- Dataset content -
● ● ● ● ● ● ●

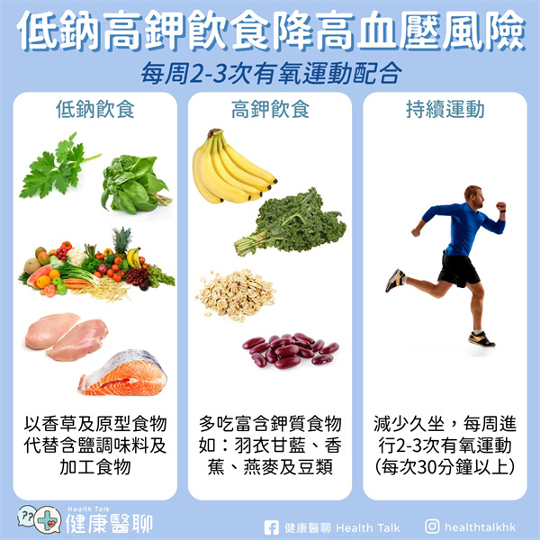 想令血壓保持穩定,可以從飲食和運動兩大方面入手。
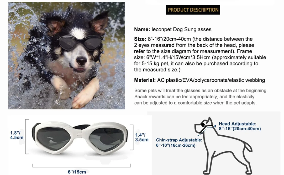 😹Ajustable: estas gafas de sol para perros tienen correas ajustables para la cabeza y la barbilla.Ajuste perfecto, nunca se cae.
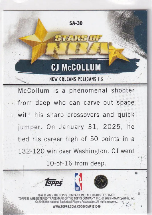2025 TOPPS #SA-30 CJ MCCOLLUM STARS OF NBA- NEW ORLEANS PELICANS
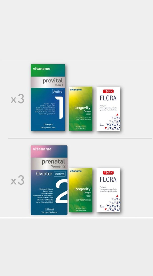 Erkek ve kadınlar için 120 kapsüllük Prevital Men 1 ve Prenatal Women 2 vitaminleri, Longevity Omega takviyesi ve Flora probiyotik ürünleri içeren set.

● ● ● ● ● ● ●

- Exercise instructions -
Return the listing above in full and unaltered. Keep the pictures out.

- Problem solution -
 想令血壓保持穩定,可以從飲食和運動兩大方面入手。
 😹Ajustable: estas gafas de sol para perros tienen correas ajustables para la cabeza y la barbilla.Ajuste perfecto, nunca se cae.
2025 TOPPS #SA-30 CJ MCCOLLUM STARS OF NBA- NEW ORLEANS PELICANS
 Erkek ve kadınlar için 120 kapsüllük Prevital Men 1 ve Prenatal Women 2 vitaminleri, Longevity Omega takviyesi ve Flora probiyotik ürünleri içeren set.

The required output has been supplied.